Black scowled. He’d just yanked his own phone out of his back pocket when Mika suddenly ran into the guest bedroom.

She was wearing all black, her eyes shockingly wide, her face pale. Mika’s boyfriend, the tall Texan human, Ace, ran in behind her, close on her heels.

His eyes looked even wider than hers.

“They’re down in the parking lot!” Mika said loudly, her voice shaking. “We just got back! Nick’s with them––”

“You found what?” Black snapped. “Who?”

“Cowboy, Holo, and Dog,” Ace said, answering for Mika in his deep, Texas-accented voice. “Out cold on the asphalt when we drove in… we nearly ran over them. Nick was trying to revive them when we left. We tried to call the new doctor, Vanessa, and Nick tried calling 9-1-1. None of the phones are working. What the fuck’s going on?”

Kiko stared between them, half in disbelief. Neither Ace nor Mika were the panicking type. Seeing them both panic right in front of her was unnerving.

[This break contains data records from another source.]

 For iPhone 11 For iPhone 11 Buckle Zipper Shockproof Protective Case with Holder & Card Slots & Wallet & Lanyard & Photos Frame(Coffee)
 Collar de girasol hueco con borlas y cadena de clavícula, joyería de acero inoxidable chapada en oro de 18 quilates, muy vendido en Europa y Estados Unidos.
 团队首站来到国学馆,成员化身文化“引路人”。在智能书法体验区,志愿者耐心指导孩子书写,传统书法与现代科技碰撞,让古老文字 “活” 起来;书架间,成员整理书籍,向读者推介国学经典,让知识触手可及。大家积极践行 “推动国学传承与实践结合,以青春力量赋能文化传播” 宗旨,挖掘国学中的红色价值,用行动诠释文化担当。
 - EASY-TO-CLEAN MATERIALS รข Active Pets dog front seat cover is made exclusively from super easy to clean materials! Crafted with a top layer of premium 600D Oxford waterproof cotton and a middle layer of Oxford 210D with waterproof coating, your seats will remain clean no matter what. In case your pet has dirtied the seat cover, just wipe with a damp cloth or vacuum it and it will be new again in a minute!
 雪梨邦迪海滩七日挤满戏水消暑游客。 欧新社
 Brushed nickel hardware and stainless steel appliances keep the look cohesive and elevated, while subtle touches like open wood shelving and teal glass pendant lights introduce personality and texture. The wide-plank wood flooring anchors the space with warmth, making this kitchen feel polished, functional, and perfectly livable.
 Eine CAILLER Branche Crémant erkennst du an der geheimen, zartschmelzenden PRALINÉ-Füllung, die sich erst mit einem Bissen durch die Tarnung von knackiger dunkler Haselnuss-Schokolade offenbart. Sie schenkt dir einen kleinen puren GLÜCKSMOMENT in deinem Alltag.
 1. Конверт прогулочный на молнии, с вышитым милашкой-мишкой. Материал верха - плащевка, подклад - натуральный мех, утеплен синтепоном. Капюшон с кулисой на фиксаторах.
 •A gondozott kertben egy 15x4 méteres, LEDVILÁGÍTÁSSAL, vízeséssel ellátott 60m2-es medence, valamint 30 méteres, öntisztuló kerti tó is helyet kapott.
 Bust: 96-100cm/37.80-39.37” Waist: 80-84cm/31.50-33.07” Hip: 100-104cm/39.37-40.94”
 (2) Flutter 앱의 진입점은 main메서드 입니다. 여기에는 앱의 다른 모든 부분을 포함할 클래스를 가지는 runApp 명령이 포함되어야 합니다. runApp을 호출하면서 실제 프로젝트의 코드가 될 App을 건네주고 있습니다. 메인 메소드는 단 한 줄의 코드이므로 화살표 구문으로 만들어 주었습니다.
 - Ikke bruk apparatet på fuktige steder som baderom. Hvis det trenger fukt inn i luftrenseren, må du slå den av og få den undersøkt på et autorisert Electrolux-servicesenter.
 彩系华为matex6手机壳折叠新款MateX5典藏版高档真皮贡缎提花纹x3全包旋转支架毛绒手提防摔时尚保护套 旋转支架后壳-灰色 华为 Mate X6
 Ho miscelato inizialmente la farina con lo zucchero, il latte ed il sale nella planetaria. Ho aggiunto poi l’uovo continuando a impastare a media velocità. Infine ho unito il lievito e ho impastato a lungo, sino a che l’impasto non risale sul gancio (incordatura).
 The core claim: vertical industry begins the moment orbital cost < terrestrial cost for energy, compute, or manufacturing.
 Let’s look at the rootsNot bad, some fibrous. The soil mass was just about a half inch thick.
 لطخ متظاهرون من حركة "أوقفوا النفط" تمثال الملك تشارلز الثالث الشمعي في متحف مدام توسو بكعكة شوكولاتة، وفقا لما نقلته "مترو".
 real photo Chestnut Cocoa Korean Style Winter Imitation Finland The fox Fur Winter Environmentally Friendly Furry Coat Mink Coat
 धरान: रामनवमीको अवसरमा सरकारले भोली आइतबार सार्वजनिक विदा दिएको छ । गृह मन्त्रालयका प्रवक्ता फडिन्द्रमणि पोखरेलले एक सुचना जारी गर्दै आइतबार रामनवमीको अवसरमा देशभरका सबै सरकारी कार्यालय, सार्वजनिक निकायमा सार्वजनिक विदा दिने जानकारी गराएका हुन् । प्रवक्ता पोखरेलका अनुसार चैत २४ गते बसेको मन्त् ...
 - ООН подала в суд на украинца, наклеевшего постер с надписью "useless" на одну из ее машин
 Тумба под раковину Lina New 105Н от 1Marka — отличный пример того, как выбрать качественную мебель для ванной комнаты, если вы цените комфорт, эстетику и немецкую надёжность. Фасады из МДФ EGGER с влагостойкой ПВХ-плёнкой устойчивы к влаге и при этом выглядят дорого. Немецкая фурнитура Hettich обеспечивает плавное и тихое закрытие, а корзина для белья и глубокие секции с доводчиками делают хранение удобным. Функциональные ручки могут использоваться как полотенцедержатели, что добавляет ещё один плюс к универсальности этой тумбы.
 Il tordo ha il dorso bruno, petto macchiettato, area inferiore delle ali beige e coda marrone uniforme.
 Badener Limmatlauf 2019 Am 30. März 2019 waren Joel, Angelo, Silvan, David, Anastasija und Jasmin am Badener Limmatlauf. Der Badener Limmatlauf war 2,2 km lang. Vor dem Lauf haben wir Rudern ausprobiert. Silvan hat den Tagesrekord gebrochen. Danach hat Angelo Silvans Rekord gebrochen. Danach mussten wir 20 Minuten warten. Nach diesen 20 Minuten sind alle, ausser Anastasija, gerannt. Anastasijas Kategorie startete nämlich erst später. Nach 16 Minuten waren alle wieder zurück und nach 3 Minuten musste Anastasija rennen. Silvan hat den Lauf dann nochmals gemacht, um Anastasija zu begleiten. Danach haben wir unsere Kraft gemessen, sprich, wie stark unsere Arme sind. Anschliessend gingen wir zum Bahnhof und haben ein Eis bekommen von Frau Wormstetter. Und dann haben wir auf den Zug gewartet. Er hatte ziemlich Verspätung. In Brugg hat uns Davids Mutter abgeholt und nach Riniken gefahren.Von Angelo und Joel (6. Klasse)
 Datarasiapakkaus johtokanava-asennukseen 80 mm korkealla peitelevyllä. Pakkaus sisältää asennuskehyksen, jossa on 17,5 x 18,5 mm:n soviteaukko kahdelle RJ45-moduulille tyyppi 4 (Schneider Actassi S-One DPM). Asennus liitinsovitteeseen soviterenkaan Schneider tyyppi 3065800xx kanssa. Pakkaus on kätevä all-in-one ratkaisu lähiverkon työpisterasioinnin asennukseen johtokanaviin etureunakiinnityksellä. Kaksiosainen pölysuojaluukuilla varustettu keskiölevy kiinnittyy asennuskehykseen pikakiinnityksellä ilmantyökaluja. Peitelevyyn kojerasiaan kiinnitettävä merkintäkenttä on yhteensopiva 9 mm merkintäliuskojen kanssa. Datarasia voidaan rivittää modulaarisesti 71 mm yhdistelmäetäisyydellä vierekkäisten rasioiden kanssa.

Then she thought of something else.

“What about Angel?” she asked. “You said Cowboy, Holo, and Dog. Angel and Javier should have been there, too. They were all together.”

Ace stared at her, uncomprehending, like she’d been speaking Russian.

He swallowed then, his eyes wide and panicked. “They weren’t there.”

“You’re sure?” Dex asked. “They weren’t in some other part of the garage, or––”

“I’m telling you, they weren’t fucking there!” Ace said.

Kiko felt the blood drain from her face.

Miriam walked forward, stepping between her and Jax. “What do you mean they weren’t there?” she asked Ace, her voice cold. “Did you check everywhere? What about outside?”

Ace blinked at her, almost like he was afraid.

“Nick and Mika looked, doc. Nick smelled Angel, and––”

“They’re gone,” Mika said, her voice loud and final. “Unless someone put a brain implant in their heads so we couldn’t see their light, they’re fucking gone. Nick couldn’t smell them, just the remnants of them. He’s the one who said Angel might be in trouble. I did a scan of that whole level. They weren’t anywhere from the lobby on down.”

Kiko looked between Mika and Ace, then at Miri and Black.

Holy fuck. What the hell was happening?